# Description of the task
Write out exactly the lines from the one with "庆祝纺大校庆,厚植尊师文化。" through the last line of the data below, but not the pictures.

'''

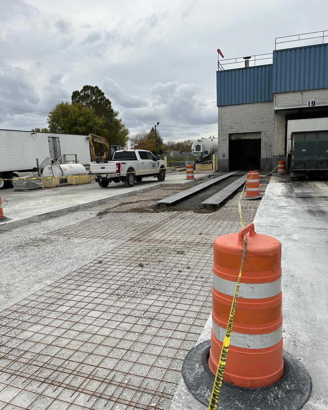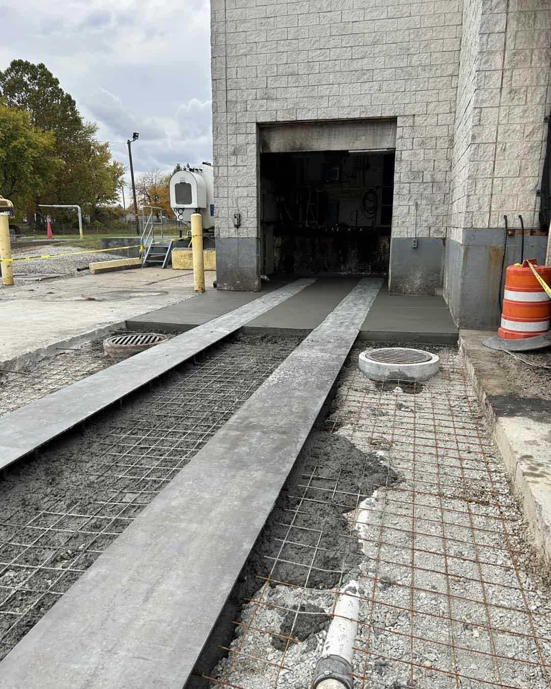 We recently replaced KB Foods Compactor Pads with new I-Beams poured into 8” thick concrete. Each I-Beam received a 1/2”x24” wear plate to support the heavy traffic of trash trucks and compactors rolling on them for years to come.
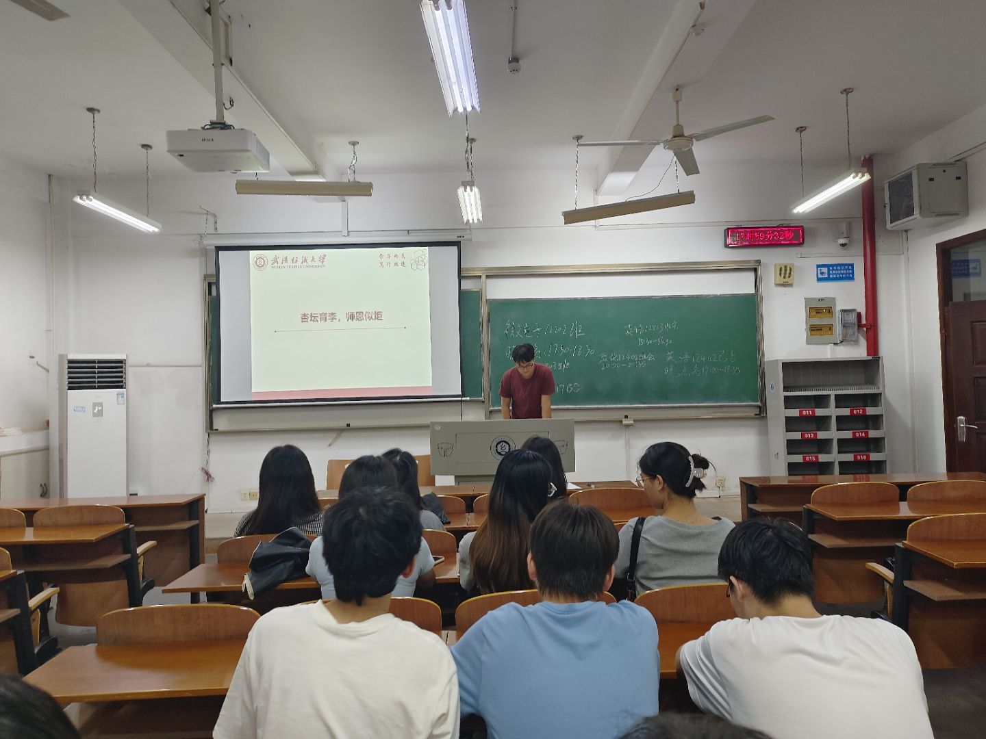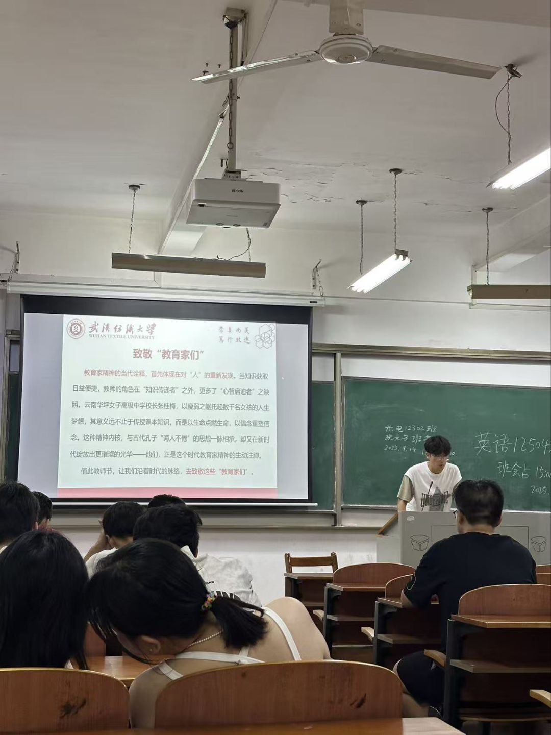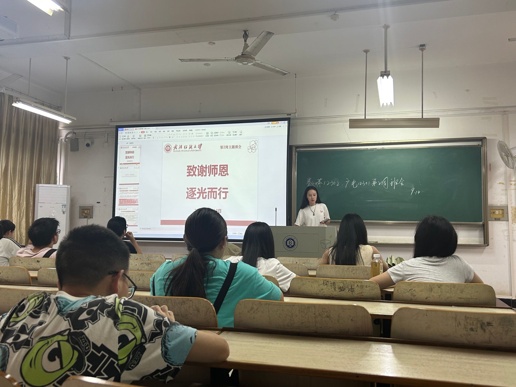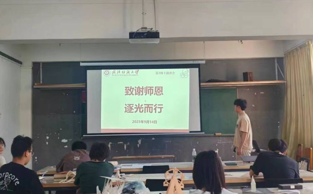 庆祝纺大校庆,厚植尊师文化。班会还特别分享了武汉纺织大学2025年教师节庆祝大会的精彩内容:首映主题微电影《传旗》,取材校园真人真事,以国旗护卫队、月面国旗团队等故事,诠释“韧、忍、仁”的纺大精神与教育家担当;
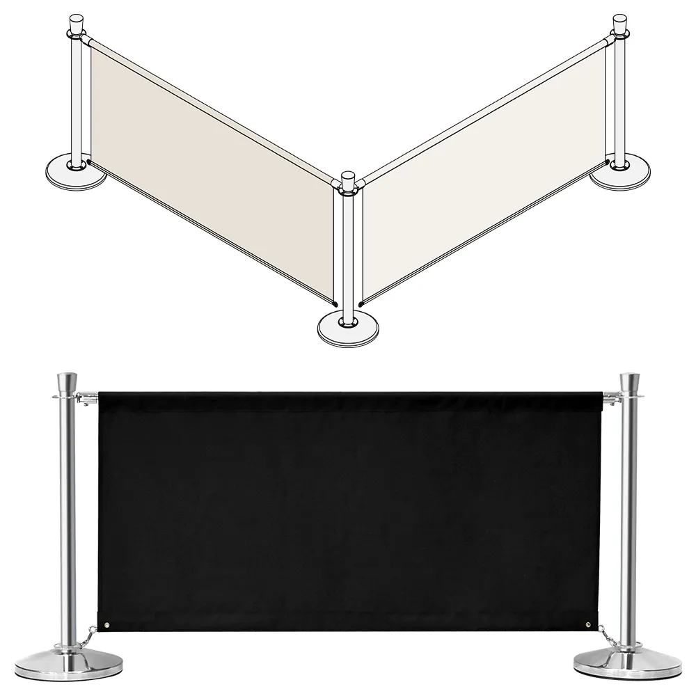 Pavement cafe barriers are useful in creating a seating area, cordoning off sections, or offering queue management at your location! There are (3) banners with this kit that are 1.6m long and made from polyester fabric to be hard-wearing, ideal for daily use in heavily-trafficked areas both inside and outside! Channels sewn into the top of each channels allow the banners to hang from the included stainless steel rods which connect to the barrier posts using secure quick clip. There are (2) spring clips per banner provided as well that attach via grommets on each banner and allow the fabric to move gently with light breezes.
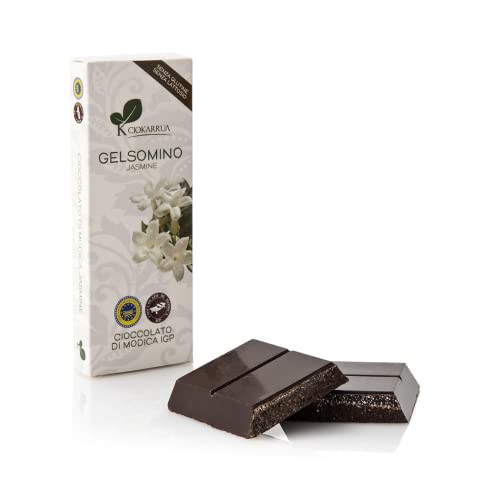 Ciokarrua | Cioccolato di Modica Gelsomino | Cioccolato Grezzo Lavorato Modica IGP | Tavoletta Cioccolato Senza Lattosio | Cioccolata 1 Tavoletta - 100 Grammi
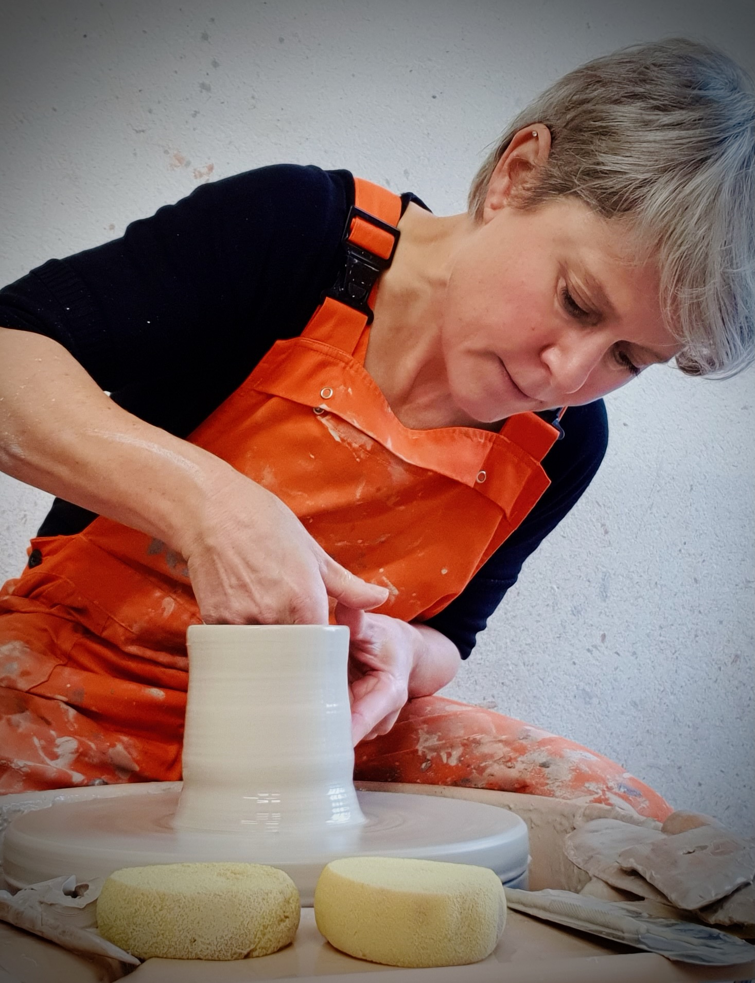Als je aan de pottenbakkersschijf zit, moet je de klei volgen, naar de klei luisteren. Niets overhaast doen. En toch ook kracht gebruiken of op zijn minst zorgen voor een stabiele, stevige houding. Die combinatie is rustgevend en werkt inspirerend. Op die manier hoop ik gebruiksvoorwerpen en objecten te maken die voor verbinding zorgen.

'''

# Result of the exercise
 庆祝纺大校庆,厚植尊师文化。班会还特别分享了武汉纺织大学2025年教师节庆祝大会的精彩内容:首映主题微电影《传旗》,取材校园真人真事,以国旗护卫队、月面国旗团队等故事,诠释“韧、忍、仁”的纺大精神与教育家担当;
 Pavement cafe barriers are useful in creating a seating area, cordoning off sections, or offering queue management at your location! There are (3) banners with this kit that are 1.6m long and made from polyester fabric to be hard-wearing, ideal for daily use in heavily-trafficked areas both inside and outside! Channels sewn into the top of each channels allow the banners to hang from the included stainless steel rods which connect to the barrier posts using secure quick clip. There are (2) spring clips per banner provided as well that attach via grommets on each banner and allow the fabric to move gently with light breezes.
 Ciokarrua | Cioccolato di Modica Gelsomino | Cioccolato Grezzo Lavorato Modica IGP | Tavoletta Cioccolato Senza Lattosio | Cioccolata 1 Tavoletta - 100 Grammi
Als je aan de pottenbakkersschijf zit, moet je de klei volgen, naar de klei luisteren. Niets overhaast doen. En toch ook kracht gebruiken of op zijn minst zorgen voor een stabiele, stevige houding. Die combinatie is rustgevend en werkt inspirerend. Op die manier hoop ik gebruiksvoorwerpen en objecten te maken die voor verbinding zorgen.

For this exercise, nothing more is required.